Your board’s compensation decisions will continue to be a point of emphasis in today’s regulatory environment. Consider a policy that details your compensation philosophy and the quality research methods you rely on.
So how can you be sure the information that crosses the boardroom table is valid, regardless of who brought it to your attention—a director, your CEO, or the compensation committee chairman?
- The methodology of the study;
- The effective date of the salary information; and
- Information on the study sample.
Here’s a closer look, according to Beth Soltis, CUNA's senior research analyst in the Credit Union Directors Newsletter:
• Methodology. This tells you what methods were used to gather and analyze the salary data in the study. It also will tell you how many surveys were sent out and how many were completed, Soltis says. It clarifies who was asked to provide the salary information. “It’s preferable that managers or human resource staff provide salary information because they’re knowledgeable about compensation policies and practices as well as compensation levels in the organization,” she says.
Methodology also confirms how researchers handled the data, Soltis explains. For instance, outliers—salaries that are at the extreme ends of the spectrum—are often removed from the final data reported in salary studies.

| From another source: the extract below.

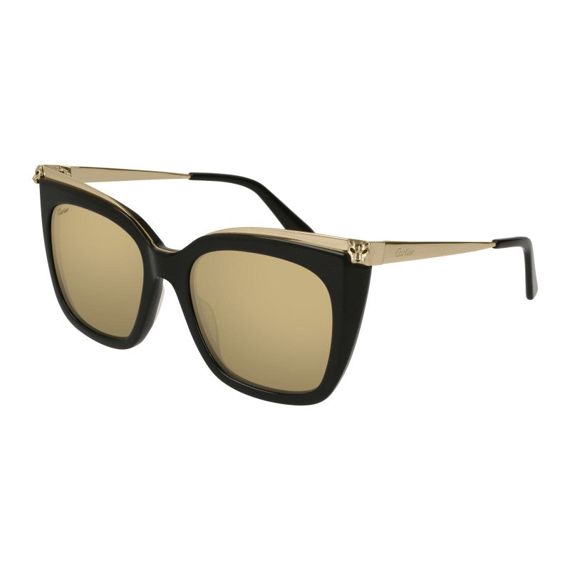 Introducing the Cartier Panthère de Cartier Cat-Eye Sunglasses, a fusion of timeless elegance and contemporary flair. Crafted with a smooth golden-finish metal frame, these sunglasses feature a distinctive cat-eye shape that adds a touch of vintage glamour. The golden mirror-effect lenses provide 100% UV protection, ensuring both style and eye safety. Embellished with the iconic Panthère motif on the temples, these sunglasses are a testament to Cartier's legacy of luxury and sophistication.

Weighting is a standard survey analysis procedure, designed to increase the reliability of the survey results. It’s a process of adjusting data for the over- or under-represented groups to remove bias by specific groups, she says.
Weighting is often done by credit union asset size. For example, if there’s a higher percentage of credit unions in a particular asset size than there is in reality, the data can be skewed by this group. Since larger credit unions tend to pay higher salaries than smaller credit unions, an over-representation of large credit unions can distort the data, resulting in higher salaries.